Home Artificial Intelligence Non-Negative Matrix Factorization (NMF) for Dimensionality Reduction in Image Data

Non-Negative Matrix Factorization (NMF) for Dimensionality Reduction in Image Data

0
Non-Negative Matrix Factorization (NMF) for Dimensionality Reduction in Image Data

Discussing theory and implementation with Python and Scikit-learn

Original image by an_photos from Pixabay (Barely edited by writer)

I even have already discussed various kinds of dimensionality reduction techniques intimately.

Principal Component Evaluation (PCA), Factor Evaluation (FA), Linear Discriminant Evaluation (LDA), Autoencoders (AEs), and Kernel PCA are the most well-liked ones.

Non-Negative Matrix Factorization (NMF or NNMF) can also be a linear dimensionality reduction technique that will be used to scale back the dimensionality of the feature matrix.

All dimensionality reduction techniques fall under the category of unsupervised machine learning during which we are able to reveal hidden patterns and necessary relationships in the information without requiring labels.

So, dimensionality reduction algorithms take care of unlabeled data.

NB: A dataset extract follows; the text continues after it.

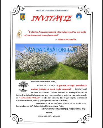 Este vorba despre un proiect de suflet, inaugurarea unei zone special amenajate în comuna Moroeni , care va purta numele de “Livada Căsătoriilor”, locație care va semnifica trăinicia unei familii, visuri și speranțe transformate în realitate. Un eveniment cu totul și cu totul deosebit ce se va desfășura în data de 22 aprilie, începând cu ora 11:00, la Moroeni, pe strada Pieței.
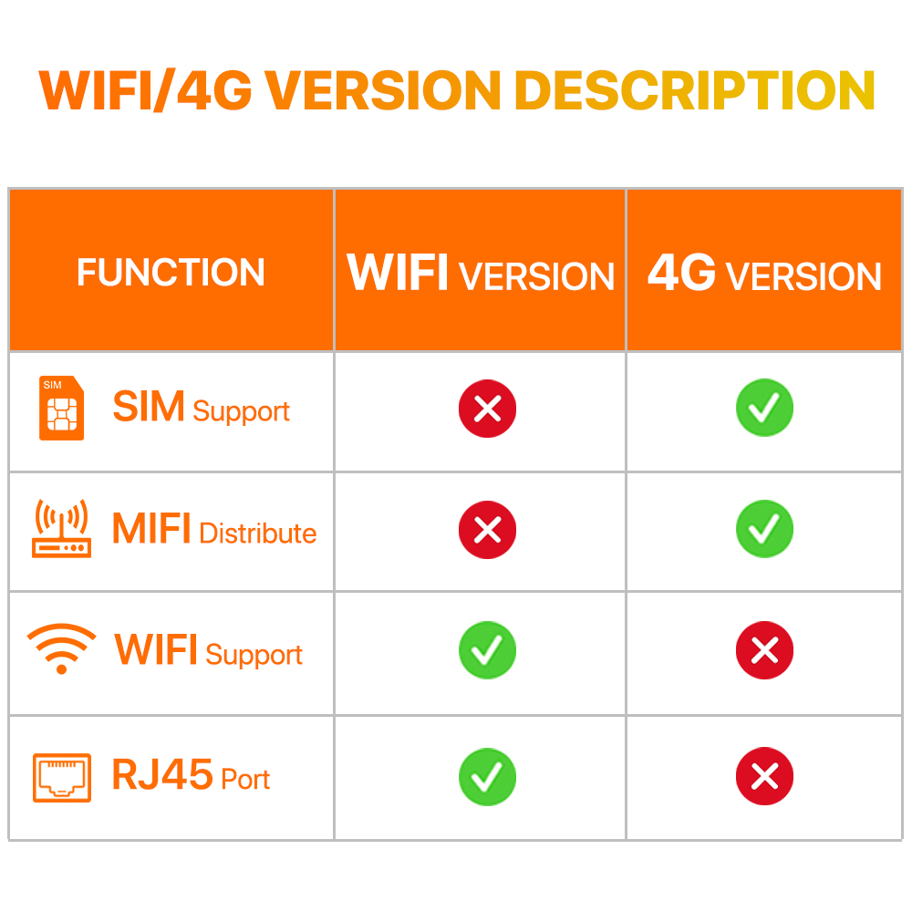-Версия 4G работает только с сетью SIM-карты, версия Wi-Fi работает только с сетью 2,4G Wi-Fi

When training such an algorithm, the fit() method only needs the feature matrix, X because the input and it doesn’t require the label column, y.

As its name implies, non-negative matrix factorization (NMF) needs the feature matrix to be non-negative.

For this reason non-negativity constraint, the usage of NMF is restricted to data with non-negative values equivalent to image data (pixel values all the time lie between 0 and 255, hence there are not any negative values in image data!).

What you'll learn:
----------------------------------------------------

1. Maths behind NMF
2. NMF equation
3. Feature matrix, V
4. Transformed data matrix, W
5. Factorization matrix, H
6. Scikit-learn NMF() class
7. Arguments, methods and attributes of NMF() class
8. Load the MNIST with Scikit-learn
9. Perform dimensionality reduction in image data

Other matrix decomposition methods:
----------------------------------------------------
1. Eigendecomposition
2. Singular value decomposition

Non-negative matrix factorization comes from linear algebra. In easy words, it’s the technique of decomposing a matrix into the product of two small matrices.

To be more precise,

Non-negative matrix factorization (NMF) is the technique of decomposing a non-negative feature matrix, V (nxp) right into a product of two non-negative matrices called W (nxd) and H (dxp). All three matrices should contain non-negative elements.

Non-negative matrix factorization equation (Image by writer)

The product of W and H matrices only gives an approximation to the matrix V. So, it is best to expect some information loss when applying NMF.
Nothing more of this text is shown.